##### Extracted entries

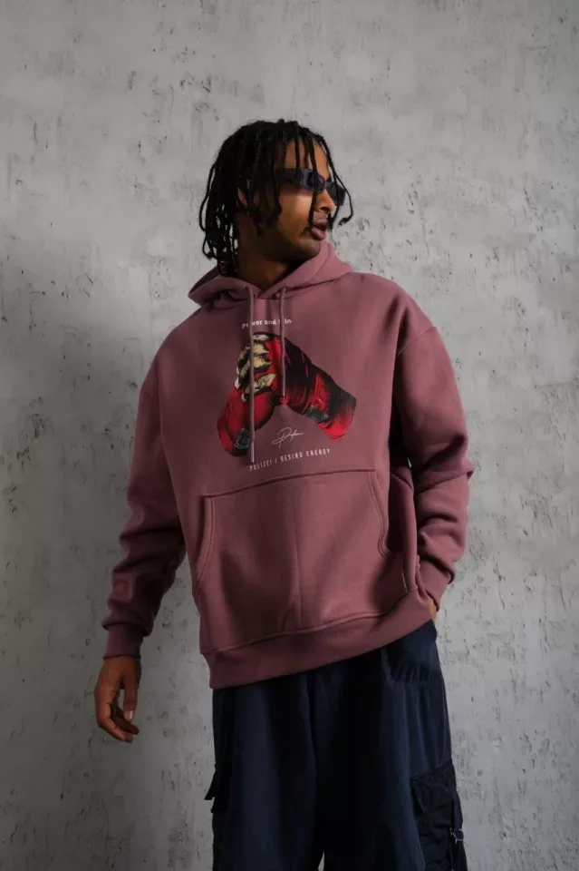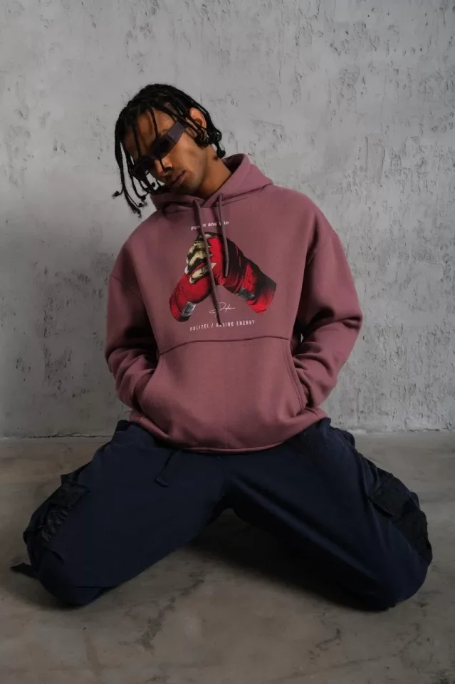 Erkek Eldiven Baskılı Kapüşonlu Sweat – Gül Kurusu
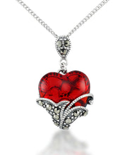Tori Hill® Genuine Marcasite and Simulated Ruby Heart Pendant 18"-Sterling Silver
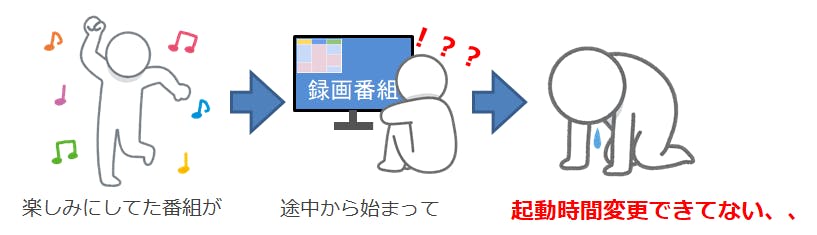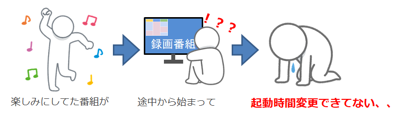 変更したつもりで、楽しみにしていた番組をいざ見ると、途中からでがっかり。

##########
##### Extracted entries

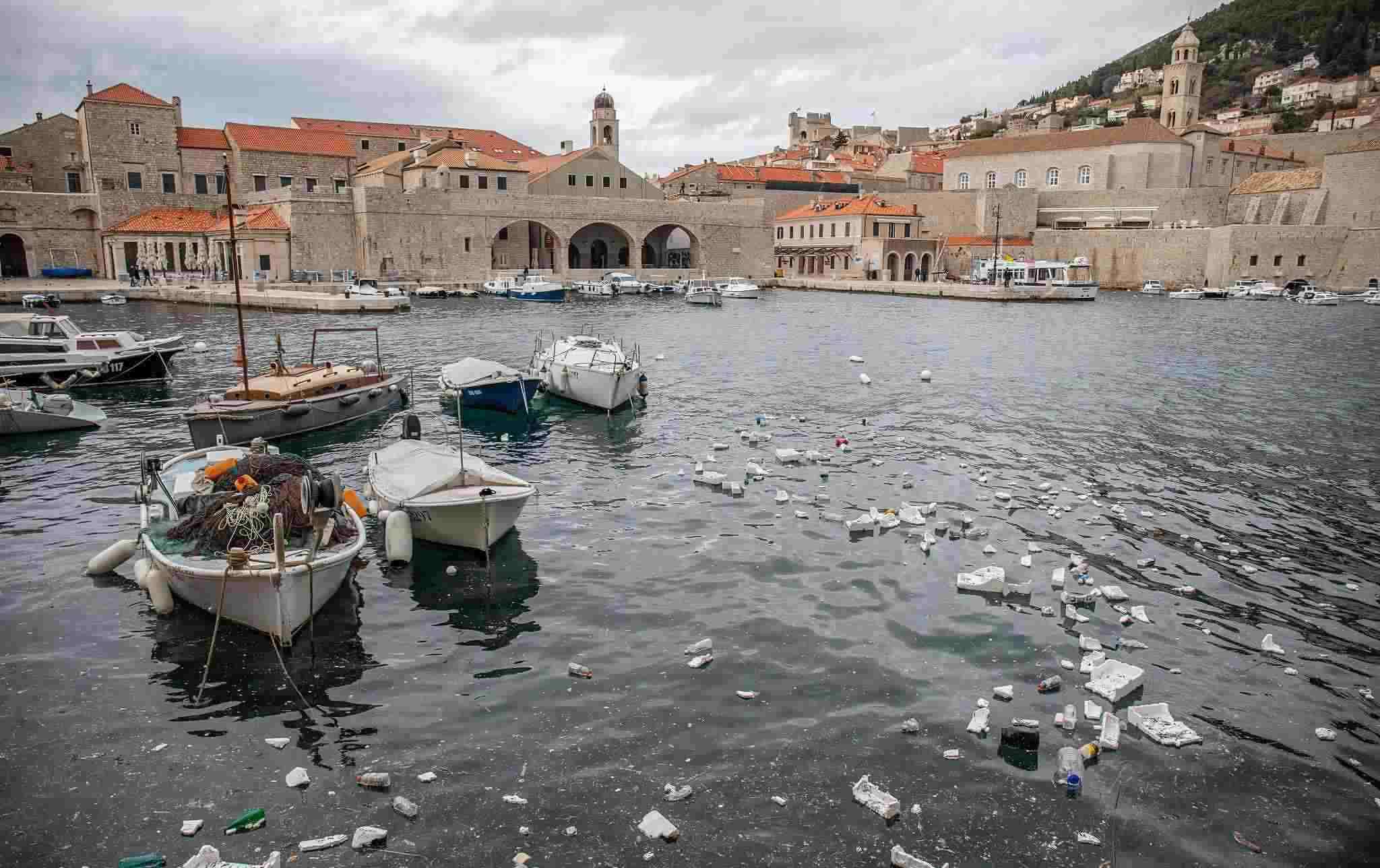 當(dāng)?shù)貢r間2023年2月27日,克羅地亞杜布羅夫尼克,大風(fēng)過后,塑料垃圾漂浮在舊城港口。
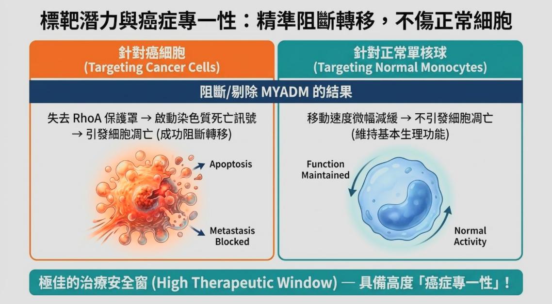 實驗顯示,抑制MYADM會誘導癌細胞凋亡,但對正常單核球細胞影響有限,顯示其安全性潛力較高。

##########
##### Extracted entries

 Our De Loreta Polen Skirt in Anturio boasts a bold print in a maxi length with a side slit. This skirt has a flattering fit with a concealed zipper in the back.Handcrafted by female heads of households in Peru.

##########

Exercise objective:
Copy the lines above exactly, starting with the line that contains "Tori Hill® Genuine" and ending with the line that contains "変更したつもりで、楽しみにしていた番組をいざ見ると、途中からでがっかり。", and leave out any pictures.

Solution for this exercise:
Tori Hill® Genuine Marcasite and Simulated Ruby Heart Pendant 18"-Sterling Silver
 変更したつもりで、楽しみにしていた番組をいざ見ると、途中からでがっかり。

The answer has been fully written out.